Update.
authorFrançois Fleuret <francois@fleuret.org>
Tue, 18 Jul 2023 06:44:21 +0000 (08:44 +0200)
committerFrançois Fleuret <francois@fleuret.org>
Tue, 18 Jul 2023 06:44:21 +0000 (08:44 +0200)
main.py
tasks.py
world.py

diff --git a/main.py b/main.py
index e18887b..3be3d55 100755 (executable)
--- a/main.py
+++ b/main.py
@@ -266,6 +266,7 @@ picoclvr_pruner_eval = (
 
 if args.task == "sandbox":
     task = tasks.SandBox(
+        tasks.ProblemByheart(),
         nb_train_samples=args.nb_train_samples,
         nb_test_samples=args.nb_test_samples,
         batch_size=args.batch_size,
index 9cd06ae..eef84af 100755 (executable)
--- a/tasks.py
+++ b/tasks.py
@@ -64,10 +64,10 @@ class Task:
 
 
 class Problem:
-    def generate(nb):
+    def generate_sequences(self, nb):
         pass
 
-    def perf(seq, logger):
+    def log_performance(self, sequences, logger):
         pass
 
 
@@ -75,15 +75,33 @@ class ProblemByheart(Problem):
     def __init__(self):
         nb_seq, len_prompt, len_result = 100, 5, 5
         self.seq = torch.randint(10, (nb_seq, len_prompt + 1 + len_result))
-        self.seq[:, len_prompt] = -1
+        self.seq[:, len_prompt] = 10
 
     def generate_sequences(self, nb):
-        return self.seq[torch.randint(self.seq.size(0), (nb,))]
-
+        sequences = self.seq[torch.randint(self.seq.size(0), (nb,))]
+        ar_mask = (sequences==10).long()
+        ar_mask = (ar_mask.cumsum(1) - ar_mask).clamp(max=1)

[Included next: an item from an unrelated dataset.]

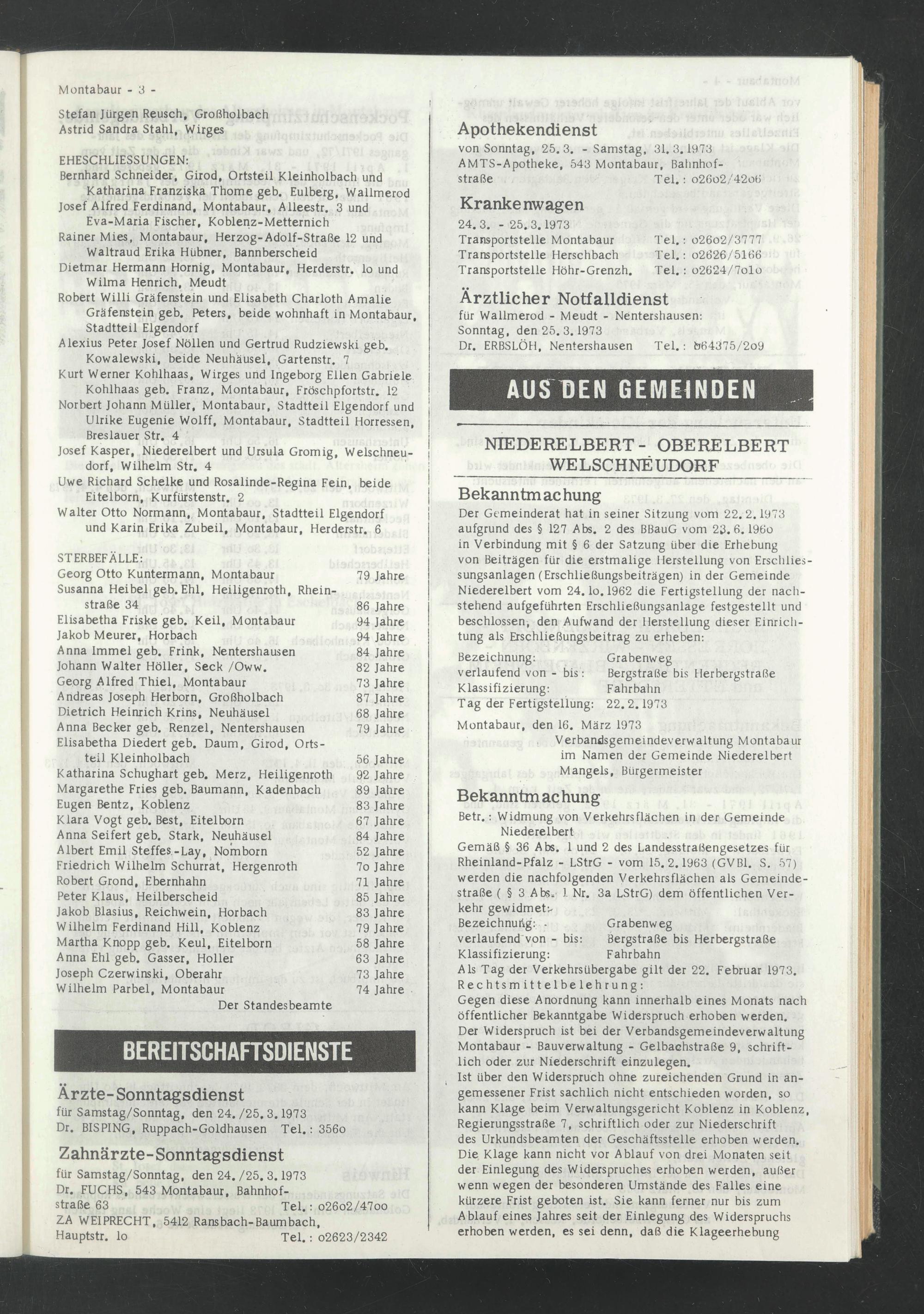 Montabaur, den 16. März 1973

+        return sequences, ar_mask
+
+        # problems = [ProblemByheart()]
+        # nb_common_codes = 100
+
+        # def generate_sequences(nb_samples):
+            # problem_indexes = torch.randint(len(problems), (nb_samples,))

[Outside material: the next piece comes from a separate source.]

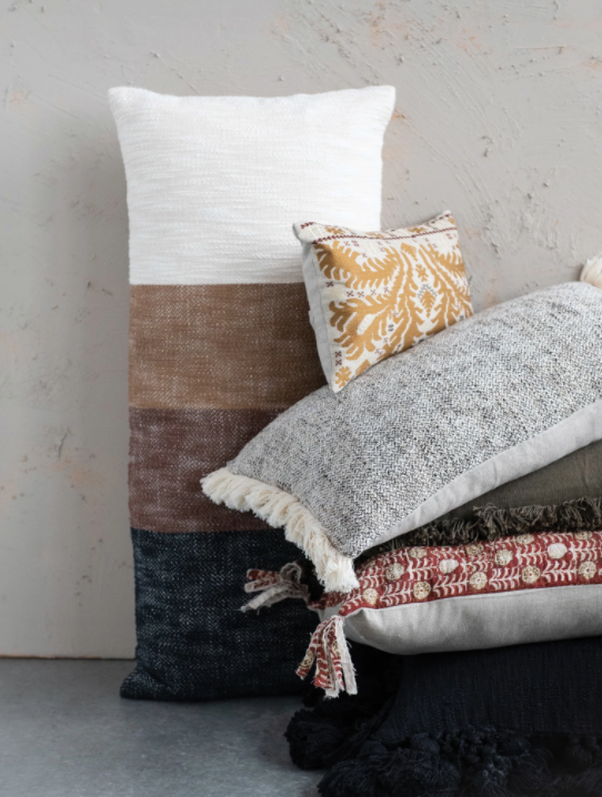 36"L x 16"H Woven Cotton Slub Lumbar Pillow, Multi Color

+            # nb_samples_per_problem = torch.one_hot(problem_indexes).sum(0)
+            # print(f"{nb_samples_per_problem}")
+            # all_seq = []
+            # for nb, p in zip(nb_samples_per_problem, problems):
+                # all_seq.append(p.generate_sequences(nb_samples_per_problem[nb]))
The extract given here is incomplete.